Once she’s past him, though, she finds herself in a doorway and beyond that is the outside. The sky is approximately the same color as everything else in District Thirteen, but there’s a brightness to it, a metallic sheen that hurts her eyes. She stands there blinking for a few minutes, and as her eyes slowly adjust she becomes aware of the fact that there’s a garden in front of her.
Well. There’s a patch of damp yellow grass surrounded by a low wall of rough gray (of course) stones. In the Capitol, nobody would think to call this a garden. It would be … an aberration. An affront to the senses. There’s nothing artful here.
In the middle of the garden stands a tree that somehow survived the Capitol’s repeated firebombing. It’s twisted and ugly, and the few wrinkled leaves that cling to its branches remind Effie of curls of scorched paper.
The tree isn’t important. The woman sitting beneath it is, because Effie knows her.
Knows her daughter, anyway.
Knew her.
Katniss has been sent away, presumably to her house in District Twelve, but nobody knows for sure. Rather, a select few must certainly know, but they’ve no reason to share that knowledge with the likes of Effie Trinket. Wherever Katniss is, Effie hopes that she is safe and being cared for. She finds she can’t hate the girl, for all she was instrumental in bringing down the Capitol and essentially destroying everything Effie knew and loved. Instead, she feels a sort of detached protectiveness, as if Katniss were part of a drama she watched unfold, which is true enough.
In any case, she doesn’t think she’ll ever see Katniss Everdeen again.

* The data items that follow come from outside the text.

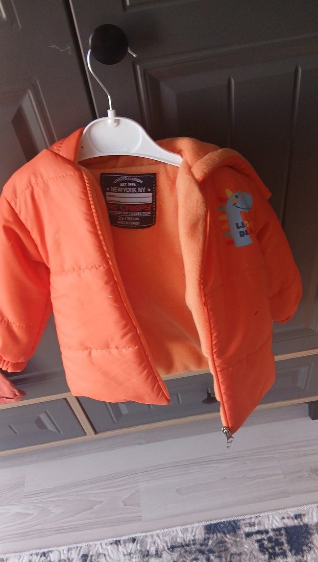 Turuncu parlak renkte, düğmeli ve kesimli yakalı, baskılı desenli erkek çocuk ceketi, yumuşak ve sıcak kumaştan üretilmiştir. 1 2 tas uygun
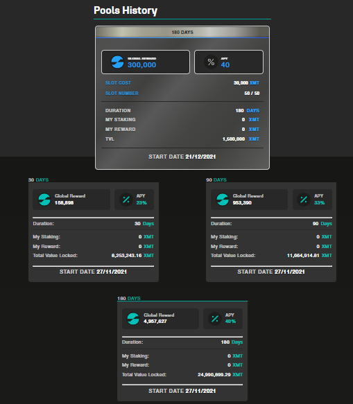 In the History menu is possible to see the all the details of the ended pools historical data of the chosen Chain.
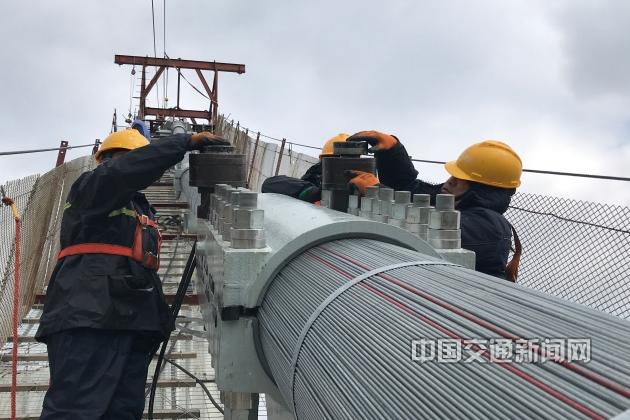 虎年伊始,由杭州市交通投資集團有限公司投資建設的京杭運河浙江段三級航道整治工程杭州段九橋路大橋項目已全面復工,工人們正在進行索夾緊固。(趙陽 鄧慧媛)
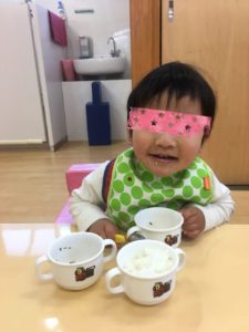 くまグループのお友達もお外でたくさん遊んでお腹も空き、
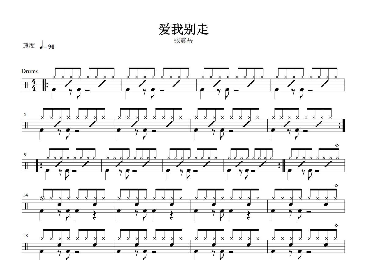 张震岳《爱我别走》鼓谱 - 架子鼓谱
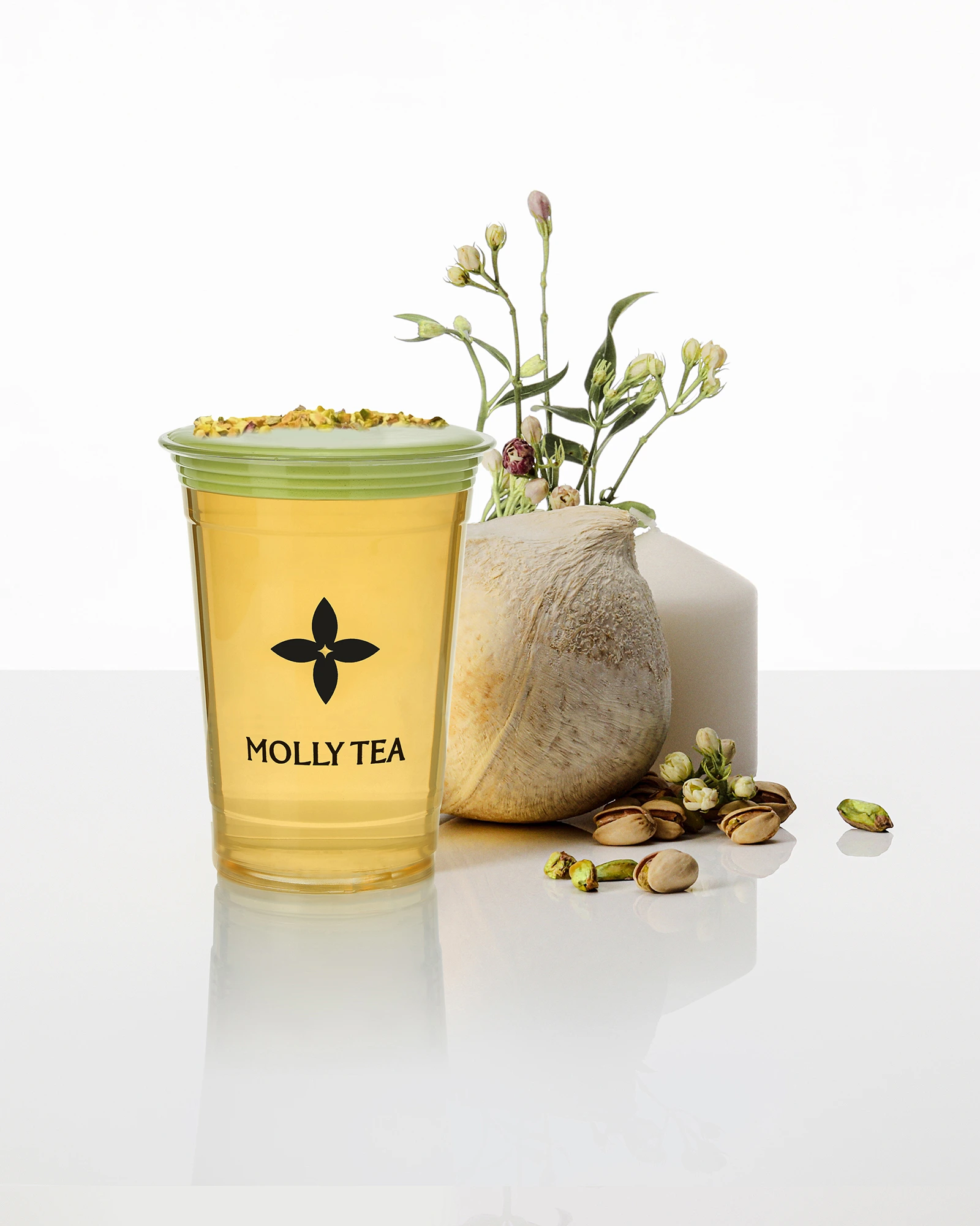 這款高級茉莉花茶融合了椰子水和開心果乳酪,散發出甜美的椰香、清新的花香和淡淡的茶香。起司帶來濃鬱的果香,口感順滑醇厚,餘韻悠長。

But what about her mother? Effie hesitates in the doorway, uncertain. Should she go to this woman and talk to her? Or would it be wiser - and perhaps more courteous - to turn away and retreat back inside? It isn’t Effie’s fault that terrible things happened to her daughters. She didn’t deliberately draw Primose Everdeen’s name on the day of the Reaping. She tried to help Katniss as she navigated the pre-Games festivities in the Capitol. She tried to get her sponsors while she was in the Arena. Both times! She tried.
But so what? Effie’s innocence might help her sleep at night, but what comfort can it possibly bring to this woman?
Effie bites at her lower lip and studies her nails. Not long ago, they were coated with rose-gold lacquer, as if she’d stirred the sunset with her fingertips. Now only a few flecks remain. Once they’re gone, she thinks with a wistful sigh, they’ll be gone forever.
She looks up again and almost chokes on her breath when she sees the other women looking straight at her. Her face is thin and pale, her gray eyes huge. She looks the way her daughter Prim did, right after Effie drew her name and read it aloud: so lost.
Tears fill Effie’s eyes. She blinks and they start to run down her cheeks. “I’m sorry,” she whispers. “I’m sorry, I’m so, so sorry…”
And then she’s stumbling forward blindly, into the ashen garden, toward the woman who has every reason in the world to hate her. She sinks to her knees beneath the gnarled boughs of the tree and catches hold of the woman’s hand, half-expecting her to recoil.
To Effie’s surprise, she doesn’t. She just sits there, watching her with her younger daughter’s lost eyes. And Effie holds her hand and whispers again, “I’m sorry.” Because she isn’t to blame for what happened, but she’s human and she can feel another’s pain. Something she never really thought about before.
They sit together under the tree. They sit there for a long time. And Effie never hears a single word of thanks – not that she expected to – but she does feel the feeble press of fingers, and so she continues to hold on.